UK prosecutors drop second case in OiNK investigation

British prosecutors deny claims they dropped a case against an illegal file sharer because of the country’s forthcoming Digital Economy Bill.
 
Lawyers for Matthew Wyatt said the Crown Prosecution Service’s decision not to take the case to trial was influenced by the bill, which establishes a three-strikes rule for persistent illegal file sharers, and could be passed into law this week.
 
CPS Cleveland District crown prosecutor, Clare Donaldson told TelecomsEurope.net it decided to drop the case after a review of the evidence suggested “it was no longer in the public interest to pursue the matter to trial.”
 
The case was just weeks away from trial when the CPS dropped charges against Wyatt yesterday.
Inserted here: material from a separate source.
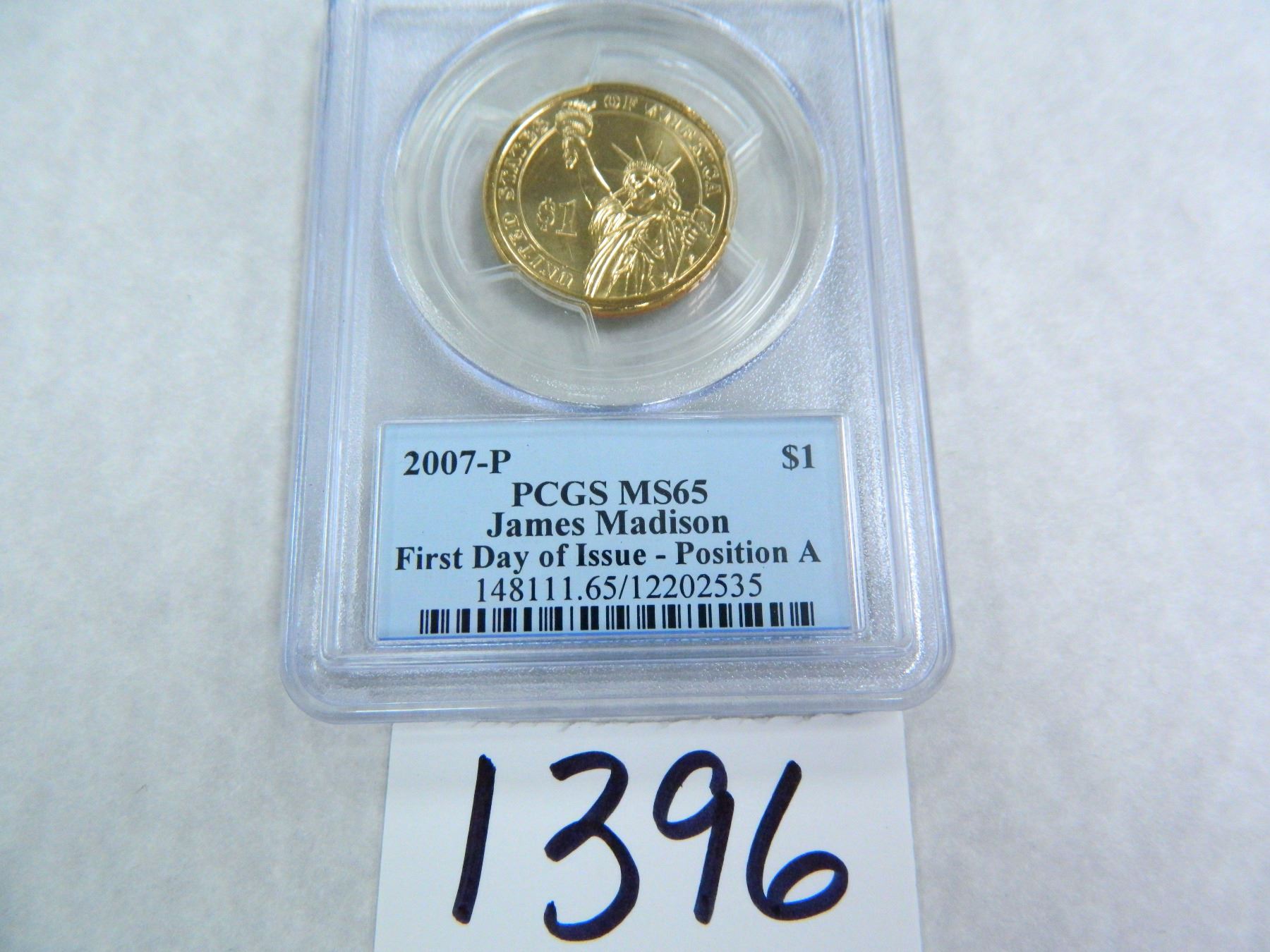 2007-P James Madison Dollar First Day of Issue, Position A, PCGS Graded MS65
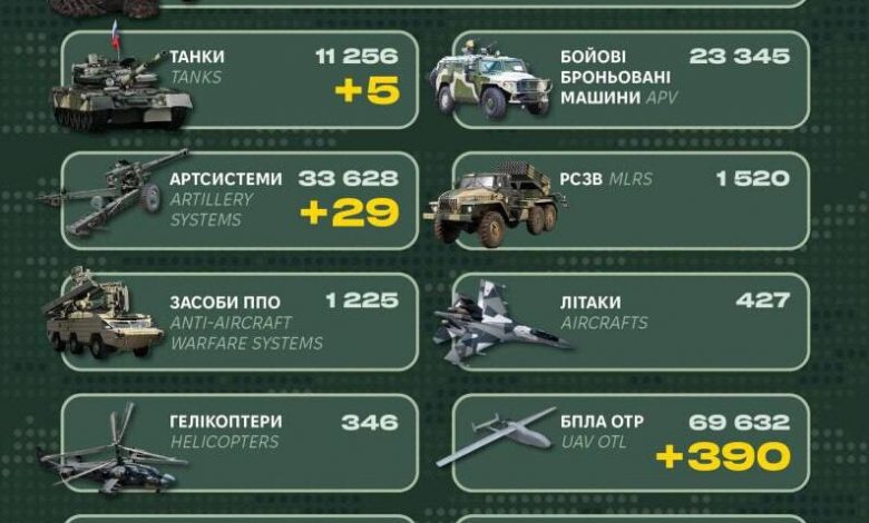 Російські втрати за добу склали 1200 військових, п’ять танків та 29 артсистем

He was one of five people arrested in 2007 and accused of damaging copyright holder’s interests by using Bit Torrent site OiNK.
 
His solicitor claims the prosecution was heavy handed, and that the music industry was trying to make a scapegoat out of Wyatt, who had only uploaded three albums and a single to the site.
 
“At no time during the course of this prosecution did the CPS actually produce any evidence that the material in question was, in fact, copyrighted,” David Cook of Burrows Bussin Solicitors said.
 
Leading telcos and ISPs have criticised the bill, claiming it won’t be effective at protecting copyrighted material, and could limit freedom of speech.